FIXED = (8, a2), (9, a3)
COV = F1*F2*F3')

HTH.

Phil

On Thu, Jul 25, 2019 at 7:10 AM ykl7 <yassinek...@gmail.com> wrote:

Dear Phil

First of, thanks for creating the mirt package!

I am fitting a 3-dimensional model to describe nine items, and I would like your input on whether overfitting/identifiability/scale shrinkage if only one item is related to an entire dimension.

Code:

model3dimensions <- mirt.model('F1 = 1-7
                           F2 = 8
                           F3 = 9
                           COV = F1*F2*F3')

model3dimensions_run_MHRM <- mirt(mIRTdata_IPSS_qol_bii, model3dimensions, method="MHRM")

The model converges using the MHRM estimation method and I obtain parameter estimates. However, I am concerned that the results cannot be trusted, as I have read that overfitting may occur when trying to fit few items (one or two) per dimension (I read this in a paper describing an IRT analysis of a specific scale, yet I cannot seem to find any theoretical books that discuss the "minimum" number of items per dimension). In this context, how can I assess whether I am overfitting/biased using the mirt package?

I am fairly new to IRT, so any references or rules of thumb regarding e.g. when it is plausible to go from a unidimensional model to a multidimensional model would be highly appreciated.

Thanks in advance!

--
You received this message because you are subscribed to the Google Groups "mirt-package" group.
To unsubscribe from this group and stop receiving emails from it, send an email to mirt-package...@googlegroups.com.
To view this discussion on the web visit https://groups.google.com/d/msgid/mirt-package/dabf2f6b-d0d8-4ce9-b4af-1272f27580d2%40googlegroups.com.

Yassine Kamal Lyauk

unread,

Jul 25, 2019, 5:46:13 PM7/25/19

to Phil Chalmers, mirt-package

Thank you for you answer. I have two short follow-up questions if you don’t mind:

- Where does the non-identifiability stem from? I.e. when a single item is associated with an entire dimension, is it given that you cannot simultaneously estimate the slope, difficulty and latent variable estimates (in the case of a graded response model)? Furthermore, if we had only consider two dimensions F1=1-7 and F2=8, we would run into the same issue I presume?

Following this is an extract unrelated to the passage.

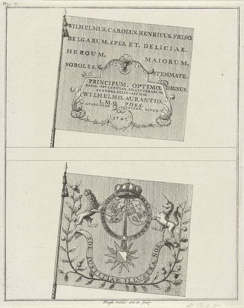 Curator: This is an engraving from the late 1780s, "Penning tegen Jozef II," created by an anonymous artist. The Rijksmuseum houses it now. Editor: It’s stark, isn’t it? High contrast, a real sense of tension conveyed through the sharp lines. The detail in such a small format is impressive, a grim precision. Curator: Indeed. What we see are actually two separate circular designs stacked one atop the other. Both use allegorical figures to critique Emperor Joseph II, particularly regarding conflicts in the Austrian Netherlands. Note how prints like this circulated widely, shaping public opinion through accessible imagery and text. Editor: The upper image depicts what? Is that tyranny being overthrown? It feels very revolutionary given the broader historical context with its clear references to violent revolt. Who is depicted there? Curator: Yes, precisely. It visualizes the events of 1583, featuring figures personifying Liberty overthrowing Tyranny represented as a lion. The lower section alludes to the Emperor offering Justice a broken wreath while treading on a decapitated head. Symbolically rich in materials and printing press to address injustice. Editor: The act of making and disseminating prints itself became an act of resistance. Considering who consumed these works—were they aimed at an elite audience or more general public to mobilize against the regime? Curator: More general consumption, absolutely. The use of vernacular language in addition to symbolic visual components helped democratize this message and ensured greater outreach across society. The lines are distinct and well-designed in order for the message to be conveyed. Editor: So it functioned almost like propaganda then. This makes me rethink art and production - beyond just decoration but powerful visual tools employed amidst socio-political tensions...it reveals more complex intersectional readings concerning those in authority abusing citizens. It wasn't just about documenting events though? Curator: Not just documentation at all! It represents the people's active role against oppressive rule as engraved permanently with the etching. The method of production, that accessibility of the engraved imagery really enabled active resistance against an empire at that period... This medium in itself reveals a powerful truth about those tensions throughout the social-political sphere during the Emperor's time of service... Editor: Such an act to undermine with imagery! Next time I observe it in depth I might have to do a deeper delve on my next exploration! Curator: A small image that reflects a tumultuous moment and reveals how social anxieties and power relations play out! It makes you rethink the materials utilized along with the people, power, politics and process involved.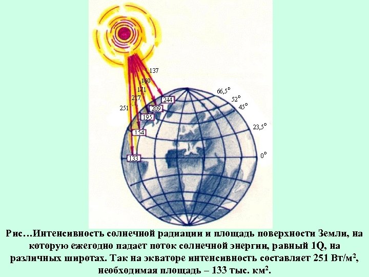 Рис…Интенсивность солнечной радиации и площадь поверхности Земли, на которую ежегодно падает поток солнечной энергии, равный 1 Q, на различных широтах. Так на экваторе интенсивность составляет 251 Вт/м 2, необходимая площадь – 133 тыс. км 2.

- Would it be OK to constrain the difficulty parameter b1 for both F2 and F3 instead of the slopes? Or should all difficulty parameters be constrained (polytomous responses)?

Thanks again.

To unsubscribe from this group and stop receiving emails from it, send an email to mirt-package+unsubscribe@googlegroups.com.

To view this discussion on the web visit https://groups.google.com/d/msgid/mirt-package/dabf2f6b-d0d8-4ce9-b4af-1272f27580d2%40googlegroups.com.

--

You received this message because you are subscribed to the Google Groups "mirt-package" group.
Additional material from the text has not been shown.